→ **Instructions to follow**
I need the entries printed again word for word, without the images.

→ **Data**
++++++++

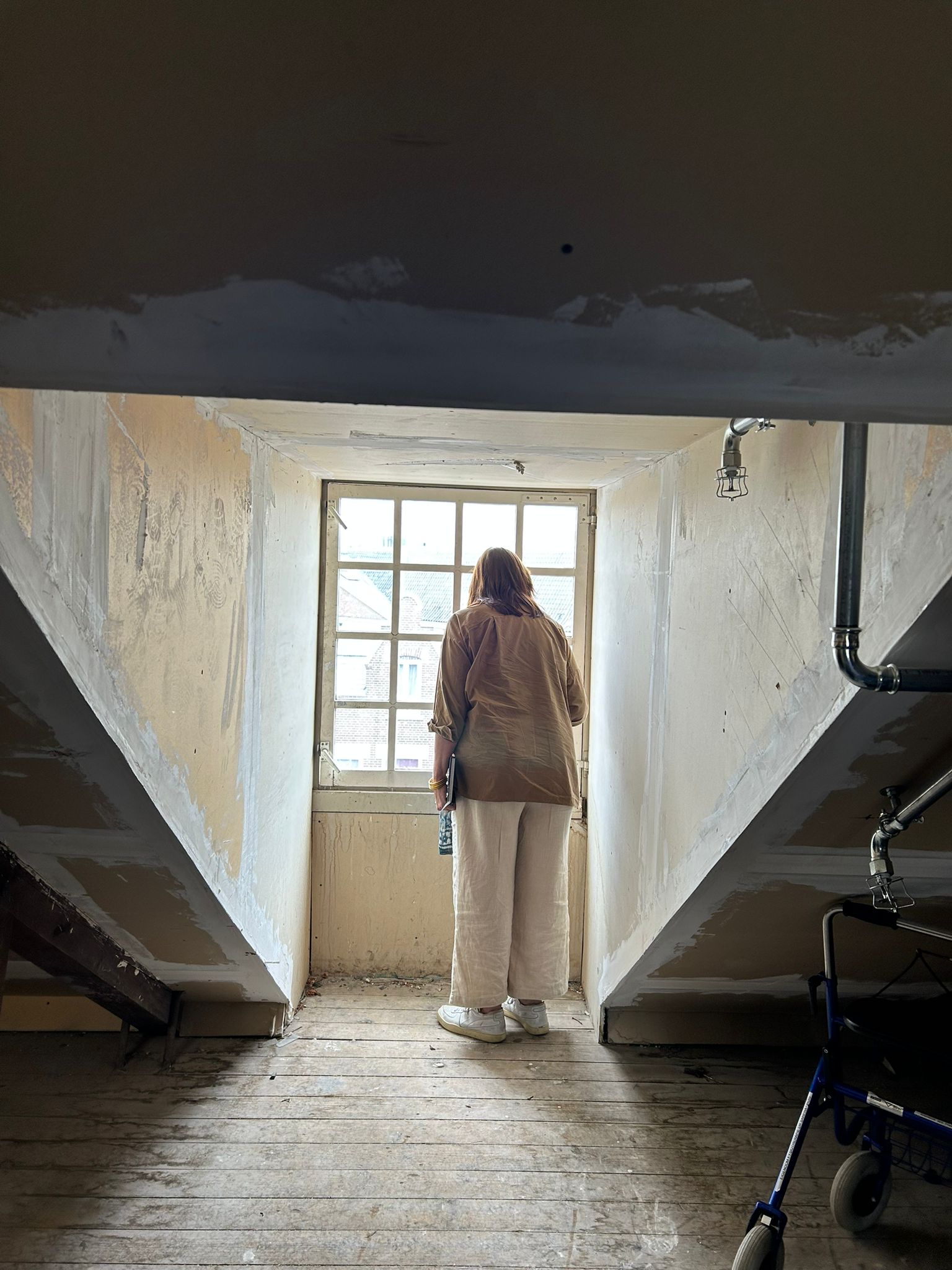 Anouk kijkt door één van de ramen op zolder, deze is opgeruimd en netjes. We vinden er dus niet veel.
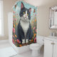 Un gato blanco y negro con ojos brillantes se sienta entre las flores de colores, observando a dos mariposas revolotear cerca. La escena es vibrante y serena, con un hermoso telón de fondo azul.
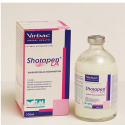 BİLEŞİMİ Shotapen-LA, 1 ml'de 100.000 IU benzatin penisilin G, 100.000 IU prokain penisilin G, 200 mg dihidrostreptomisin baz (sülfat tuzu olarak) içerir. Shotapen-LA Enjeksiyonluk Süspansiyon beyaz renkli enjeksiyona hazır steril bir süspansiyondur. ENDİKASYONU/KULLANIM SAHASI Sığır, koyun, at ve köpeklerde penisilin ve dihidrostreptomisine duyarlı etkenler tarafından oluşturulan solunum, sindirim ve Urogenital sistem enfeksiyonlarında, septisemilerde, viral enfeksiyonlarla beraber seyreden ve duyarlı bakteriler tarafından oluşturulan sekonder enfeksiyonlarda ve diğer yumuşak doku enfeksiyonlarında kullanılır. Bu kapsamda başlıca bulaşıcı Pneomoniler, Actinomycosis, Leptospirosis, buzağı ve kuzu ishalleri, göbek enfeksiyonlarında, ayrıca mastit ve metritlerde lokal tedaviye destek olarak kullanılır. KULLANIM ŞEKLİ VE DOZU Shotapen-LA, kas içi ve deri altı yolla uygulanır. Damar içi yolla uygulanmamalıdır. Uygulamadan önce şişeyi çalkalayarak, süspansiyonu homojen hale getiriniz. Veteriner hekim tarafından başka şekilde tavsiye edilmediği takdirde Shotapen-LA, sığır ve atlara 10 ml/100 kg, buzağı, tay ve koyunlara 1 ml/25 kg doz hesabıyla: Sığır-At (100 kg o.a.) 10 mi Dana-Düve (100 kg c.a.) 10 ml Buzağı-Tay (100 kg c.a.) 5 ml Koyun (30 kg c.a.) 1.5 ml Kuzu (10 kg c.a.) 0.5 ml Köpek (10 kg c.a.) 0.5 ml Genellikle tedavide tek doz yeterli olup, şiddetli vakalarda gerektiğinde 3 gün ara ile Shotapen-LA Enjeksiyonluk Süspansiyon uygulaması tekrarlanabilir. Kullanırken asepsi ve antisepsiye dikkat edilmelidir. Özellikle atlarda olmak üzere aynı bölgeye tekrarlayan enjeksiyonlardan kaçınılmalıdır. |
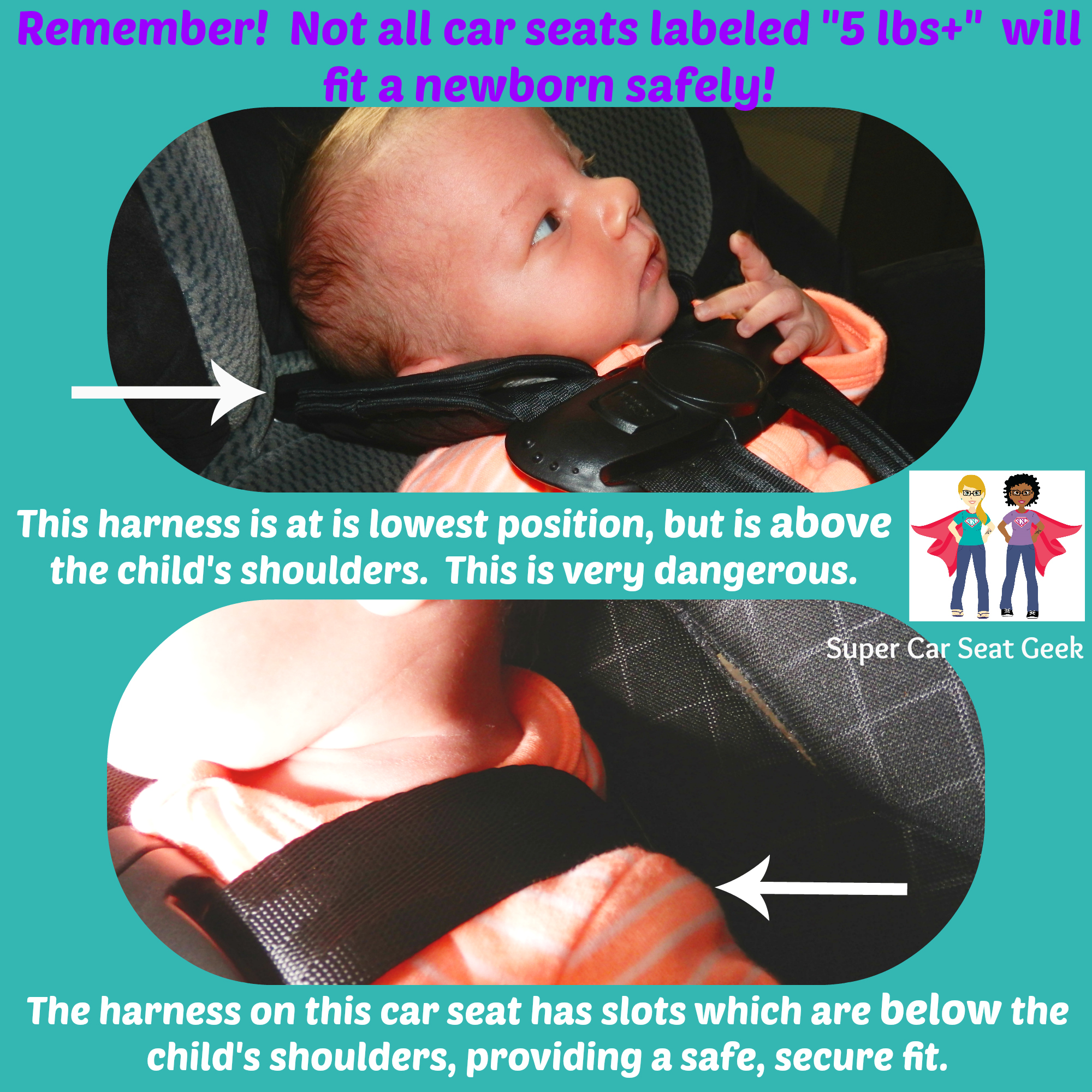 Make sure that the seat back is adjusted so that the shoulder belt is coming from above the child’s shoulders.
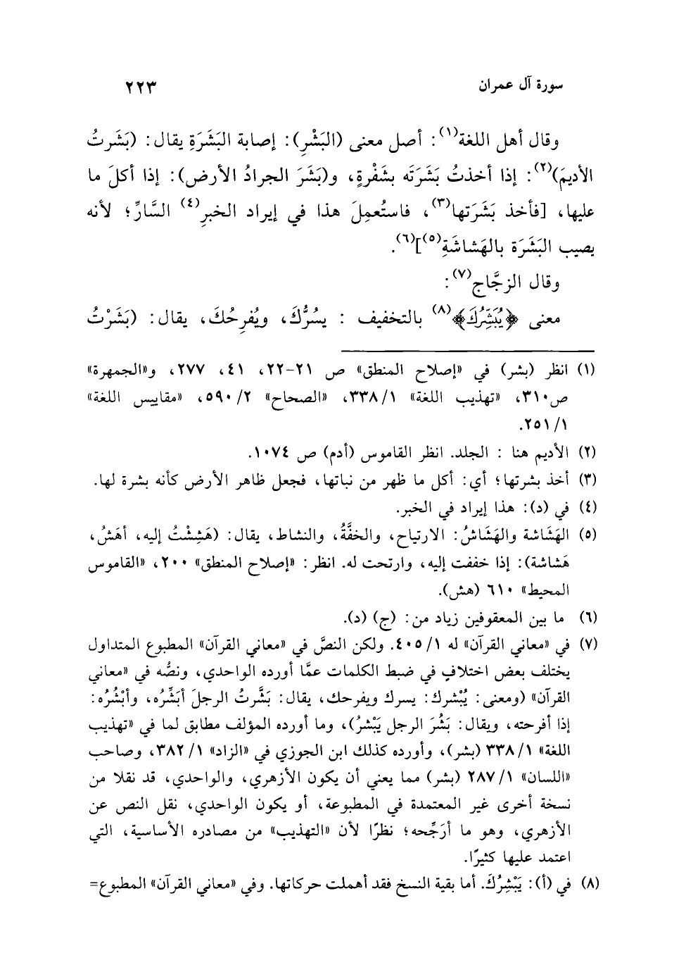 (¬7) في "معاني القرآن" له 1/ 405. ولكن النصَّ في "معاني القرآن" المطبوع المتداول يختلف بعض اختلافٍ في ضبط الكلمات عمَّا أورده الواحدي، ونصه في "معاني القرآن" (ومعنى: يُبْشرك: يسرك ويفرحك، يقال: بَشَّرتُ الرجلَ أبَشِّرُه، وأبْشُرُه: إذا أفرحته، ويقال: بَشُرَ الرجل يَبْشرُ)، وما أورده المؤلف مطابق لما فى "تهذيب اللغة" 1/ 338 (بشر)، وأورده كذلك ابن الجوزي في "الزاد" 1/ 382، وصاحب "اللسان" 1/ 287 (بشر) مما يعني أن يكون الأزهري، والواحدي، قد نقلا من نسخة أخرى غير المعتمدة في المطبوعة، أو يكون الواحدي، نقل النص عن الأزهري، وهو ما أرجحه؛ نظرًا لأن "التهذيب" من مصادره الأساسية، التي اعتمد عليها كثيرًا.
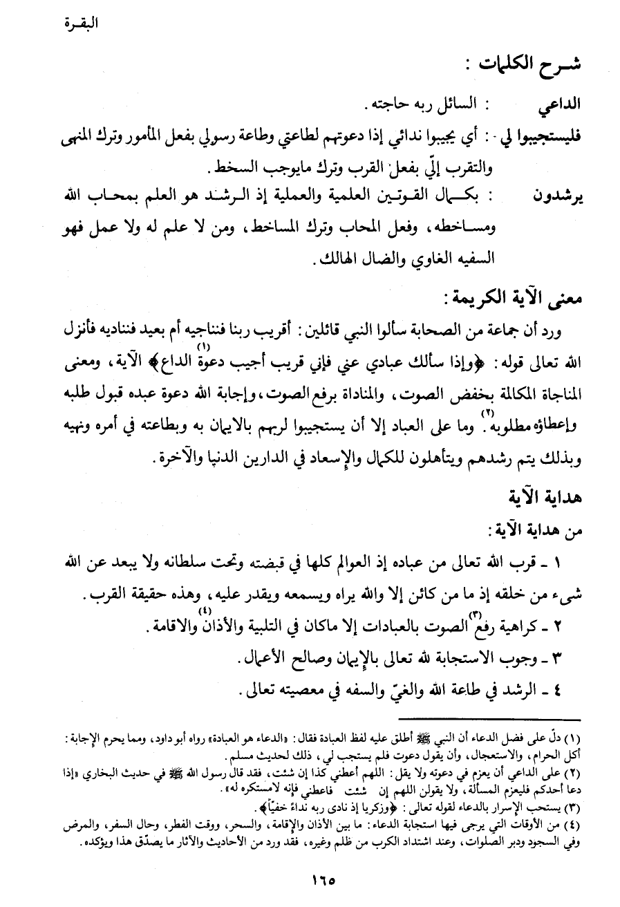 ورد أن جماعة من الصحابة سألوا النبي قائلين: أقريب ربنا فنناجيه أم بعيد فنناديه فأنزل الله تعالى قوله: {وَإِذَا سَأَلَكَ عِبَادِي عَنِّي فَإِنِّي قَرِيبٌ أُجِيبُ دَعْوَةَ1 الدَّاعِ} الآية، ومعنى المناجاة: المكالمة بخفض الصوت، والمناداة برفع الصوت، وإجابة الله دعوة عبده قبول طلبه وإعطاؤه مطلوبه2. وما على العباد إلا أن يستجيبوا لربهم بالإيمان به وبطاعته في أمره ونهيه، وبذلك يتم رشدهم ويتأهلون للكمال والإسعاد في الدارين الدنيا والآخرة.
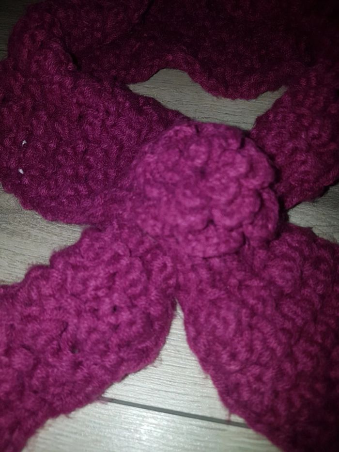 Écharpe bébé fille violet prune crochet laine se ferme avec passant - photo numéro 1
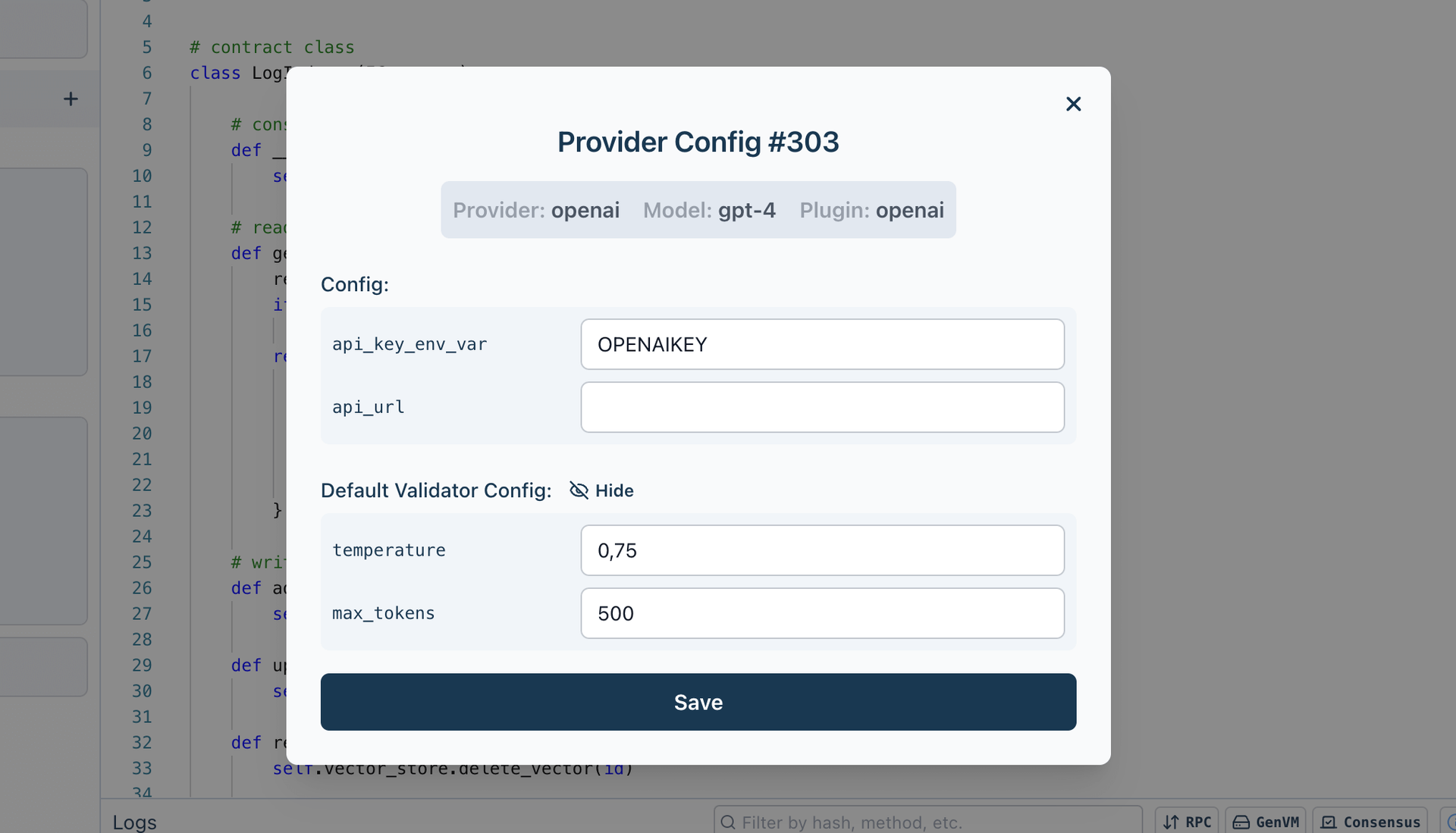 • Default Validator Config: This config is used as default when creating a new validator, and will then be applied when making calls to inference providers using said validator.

++++++++

→ **Output of the exercise**
 Anouk kijkt door één van de ramen op zolder, deze is opgeruimd en netjes. We vinden er dus niet veel.
 Un gato blanco y negro con ojos brillantes se sienta entre las flores de colores, observando a dos mariposas revolotear cerca. La escena es vibrante y serena, con un hermoso telón de fondo azul.
 BİLEŞİMİ Shotapen-LA, 1 ml'de 100.000 IU benzatin penisilin G, 100.000 IU prokain penisilin G, 200 mg dihidrostreptomisin baz (sülfat tuzu olarak) içerir. Shotapen-LA Enjeksiyonluk Süspansiyon beyaz renkli enjeksiyona hazır steril bir süspansiyondur. ENDİKASYONU/KULLANIM SAHASI Sığır, koyun, at ve köpeklerde penisilin ve dihidrostreptomisine duyarlı etkenler tarafından oluşturulan solunum, sindirim ve Urogenital sistem enfeksiyonlarında, septisemilerde, viral enfeksiyonlarla beraber seyreden ve duyarlı bakteriler tarafından oluşturulan sekonder enfeksiyonlarda ve diğer yumuşak doku enfeksiyonlarında kullanılır. Bu kapsamda başlıca bulaşıcı Pneomoniler, Actinomycosis, Leptospirosis, buzağı ve kuzu ishalleri, göbek enfeksiyonlarında, ayrıca mastit ve metritlerde lokal tedaviye destek olarak kullanılır. KULLANIM ŞEKLİ VE DOZU Shotapen-LA, kas içi ve deri altı yolla uygulanır. Damar içi yolla uygulanmamalıdır. Uygulamadan önce şişeyi çalkalayarak, süspansiyonu homojen hale getiriniz. Veteriner hekim tarafından başka şekilde tavsiye edilmediği takdirde Shotapen-LA, sığır ve atlara 10 ml/100 kg, buzağı, tay ve koyunlara 1 ml/25 kg doz hesabıyla: Sığır-At (100 kg o.a.) 10 mi Dana-Düve (100 kg c.a.) 10 ml Buzağı-Tay (100 kg c.a.) 5 ml Koyun (30 kg c.a.) 1.5 ml Kuzu (10 kg c.a.) 0.5 ml Köpek (10 kg c.a.) 0.5 ml Genellikle tedavide tek doz yeterli olup, şiddetli vakalarda gerektiğinde 3 gün ara ile Shotapen-LA Enjeksiyonluk Süspansiyon uygulaması tekrarlanabilir. Kullanırken asepsi ve antisepsiye dikkat edilmelidir. Özellikle atlarda olmak üzere aynı bölgeye tekrarlayan enjeksiyonlardan kaçınılmalıdır. |
 Make sure that the seat back is adjusted so that the shoulder belt is coming from above the child’s shoulders.
 (¬7) في "معاني القرآن" له 1/ 405. ولكن النصَّ في "معاني القرآن" المطبوع المتداول يختلف بعض اختلافٍ في ضبط الكلمات عمَّا أورده الواحدي، ونصه في "معاني القرآن" (ومعنى: يُبْشرك: يسرك ويفرحك، يقال: بَشَّرتُ الرجلَ أبَشِّرُه، وأبْشُرُه: إذا أفرحته، ويقال: بَشُرَ الرجل يَبْشرُ)، وما أورده المؤلف مطابق لما فى "تهذيب اللغة" 1/ 338 (بشر)، وأورده كذلك ابن الجوزي في "الزاد" 1/ 382، وصاحب "اللسان" 1/ 287 (بشر) مما يعني أن يكون الأزهري، والواحدي، قد نقلا من نسخة أخرى غير المعتمدة في المطبوعة، أو يكون الواحدي، نقل النص عن الأزهري، وهو ما أرجحه؛ نظرًا لأن "التهذيب" من مصادره الأساسية، التي اعتمد عليها كثيرًا.
 ورد أن جماعة من الصحابة سألوا النبي قائلين: أقريب ربنا فنناجيه أم بعيد فنناديه فأنزل الله تعالى قوله: {وَإِذَا سَأَلَكَ عِبَادِي عَنِّي فَإِنِّي قَرِيبٌ أُجِيبُ دَعْوَةَ1 الدَّاعِ} الآية، ومعنى المناجاة: المكالمة بخفض الصوت، والمناداة برفع الصوت، وإجابة الله دعوة عبده قبول طلبه وإعطاؤه مطلوبه2. وما على العباد إلا أن يستجيبوا لربهم بالإيمان به وبطاعته في أمره ونهيه، وبذلك يتم رشدهم ويتأهلون للكمال والإسعاد في الدارين الدنيا والآخرة.
 Écharpe bébé fille violet prune crochet laine se ferme avec passant - photo numéro 1
 • Default Validator Config: This config is used as default when creating a new validator, and will then be applied when making calls to inference providers using said validator.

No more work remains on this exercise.